▶ _What the exercise asks_
Transcribe the lines below exactly. No image belongs in the transcription.

Records START

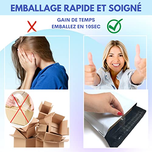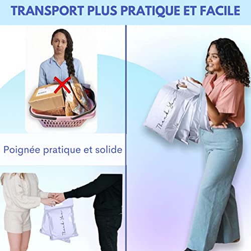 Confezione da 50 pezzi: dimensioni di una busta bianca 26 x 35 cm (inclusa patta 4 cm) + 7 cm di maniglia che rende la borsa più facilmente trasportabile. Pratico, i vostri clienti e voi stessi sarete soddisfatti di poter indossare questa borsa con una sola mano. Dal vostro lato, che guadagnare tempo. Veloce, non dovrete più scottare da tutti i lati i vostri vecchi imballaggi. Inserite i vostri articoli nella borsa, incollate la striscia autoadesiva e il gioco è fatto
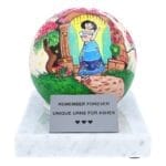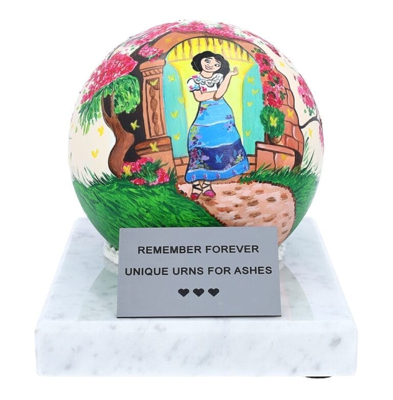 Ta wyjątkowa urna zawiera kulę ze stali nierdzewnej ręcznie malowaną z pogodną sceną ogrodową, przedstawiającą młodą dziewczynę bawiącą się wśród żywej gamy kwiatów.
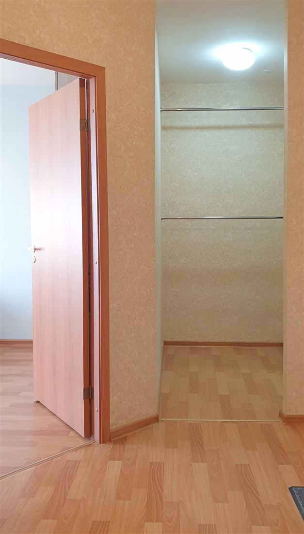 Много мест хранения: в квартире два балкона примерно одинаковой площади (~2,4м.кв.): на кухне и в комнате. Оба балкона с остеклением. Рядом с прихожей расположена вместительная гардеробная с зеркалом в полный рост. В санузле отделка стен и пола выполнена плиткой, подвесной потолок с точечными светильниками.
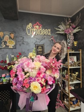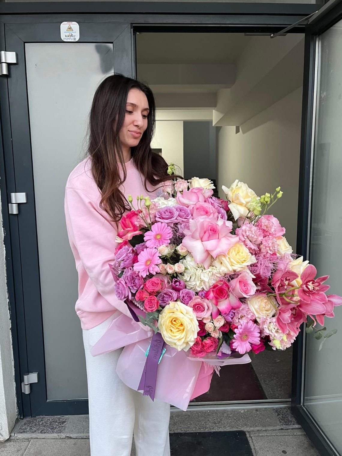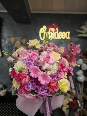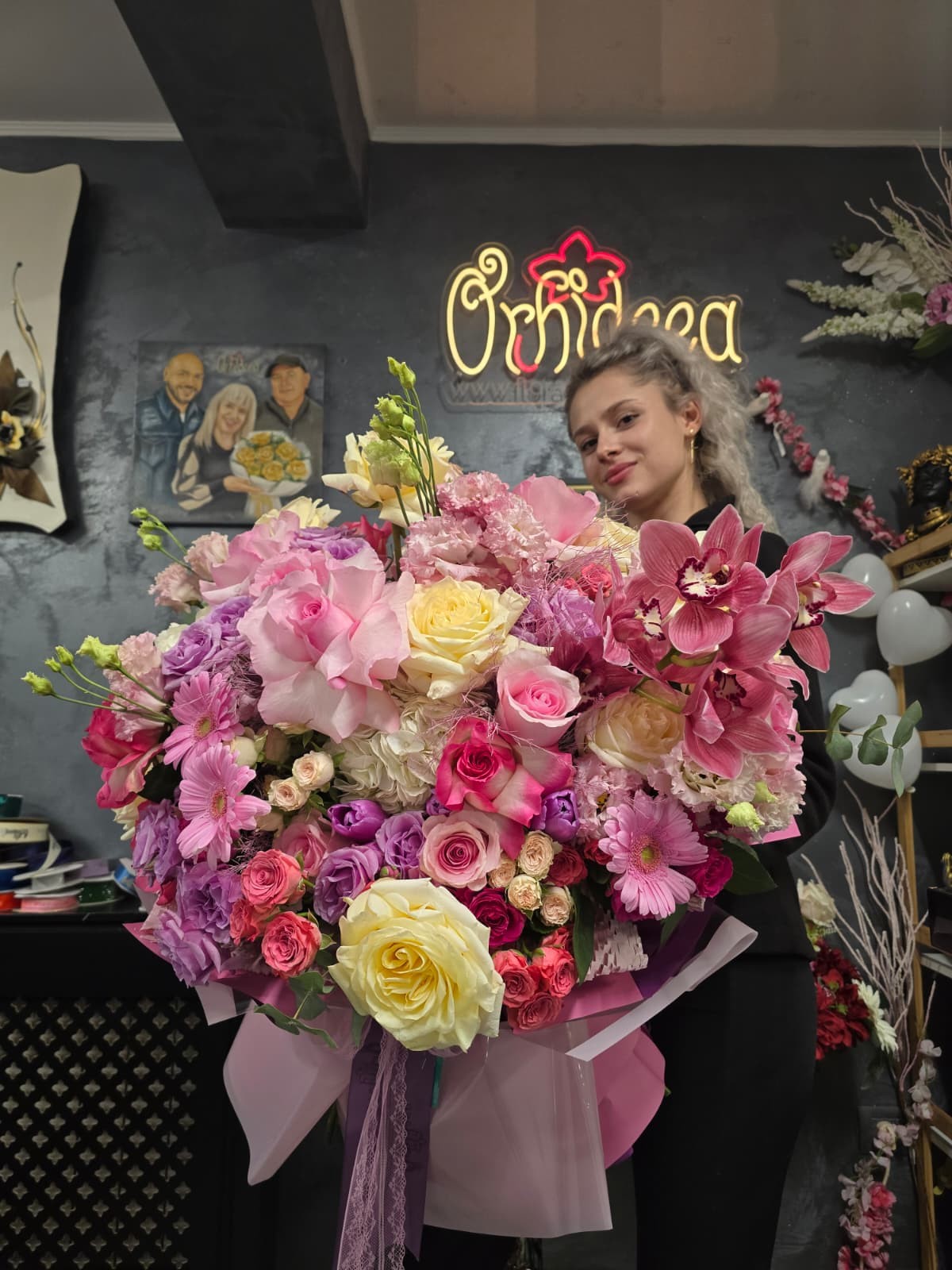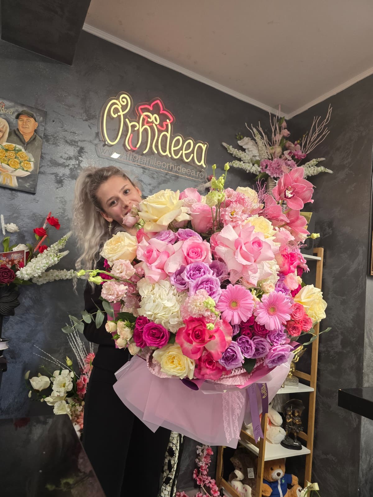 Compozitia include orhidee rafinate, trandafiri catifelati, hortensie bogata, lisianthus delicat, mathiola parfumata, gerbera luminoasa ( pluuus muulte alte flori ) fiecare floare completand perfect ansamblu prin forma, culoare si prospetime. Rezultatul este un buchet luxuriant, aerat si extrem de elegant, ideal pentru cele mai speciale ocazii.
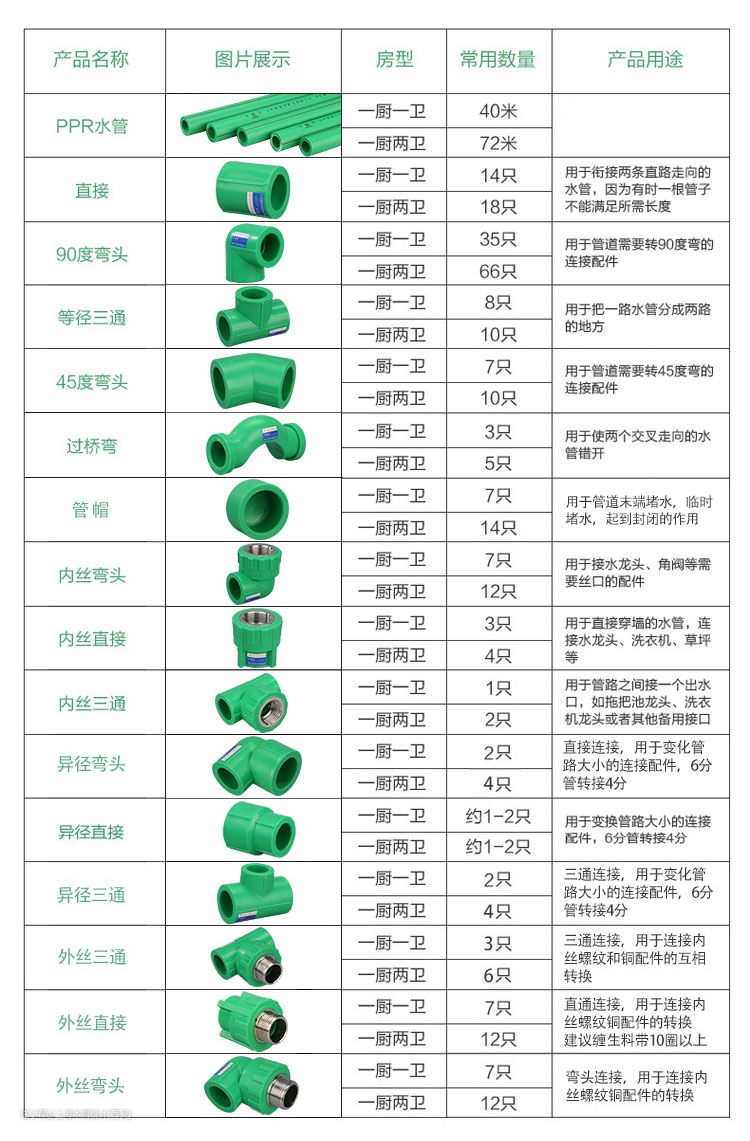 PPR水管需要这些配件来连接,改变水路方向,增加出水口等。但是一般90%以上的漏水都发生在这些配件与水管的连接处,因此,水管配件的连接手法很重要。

Records END

▶ _Final answer_
 Confezione da 50 pezzi: dimensioni di una busta bianca 26 x 35 cm (inclusa patta 4 cm) + 7 cm di maniglia che rende la borsa più facilmente trasportabile. Pratico, i vostri clienti e voi stessi sarete soddisfatti di poter indossare questa borsa con una sola mano. Dal vostro lato, che guadagnare tempo. Veloce, non dovrete più scottare da tutti i lati i vostri vecchi imballaggi. Inserite i vostri articoli nella borsa, incollate la striscia autoadesiva e il gioco è fatto
 Ta wyjątkowa urna zawiera kulę ze stali nierdzewnej ręcznie malowaną z pogodną sceną ogrodową, przedstawiającą młodą dziewczynę bawiącą się wśród żywej gamy kwiatów.
 Много мест хранения: в квартире два балкона примерно одинаковой площади (~2,4м.кв.): на кухне и в комнате. Оба балкона с остеклением. Рядом с прихожей расположена вместительная гардеробная с зеркалом в полный рост. В санузле отделка стен и пола выполнена плиткой, подвесной потолок с точечными светильниками.
 Compozitia include orhidee rafinate, trandafiri catifelati, hortensie bogata, lisianthus delicat, mathiola parfumata, gerbera luminoasa ( pluuus muulte alte flori ) fiecare floare completand perfect ansamblu prin forma, culoare si prospetime. Rezultatul este un buchet luxuriant, aerat si extrem de elegant, ideal pentru cele mai speciale ocazii.
 PPR水管需要这些配件来连接,改变水路方向,增加出水口等。但是一般90%以上的漏水都发生在这些配件与水管的连接处,因此,水管配件的连接手法很重要。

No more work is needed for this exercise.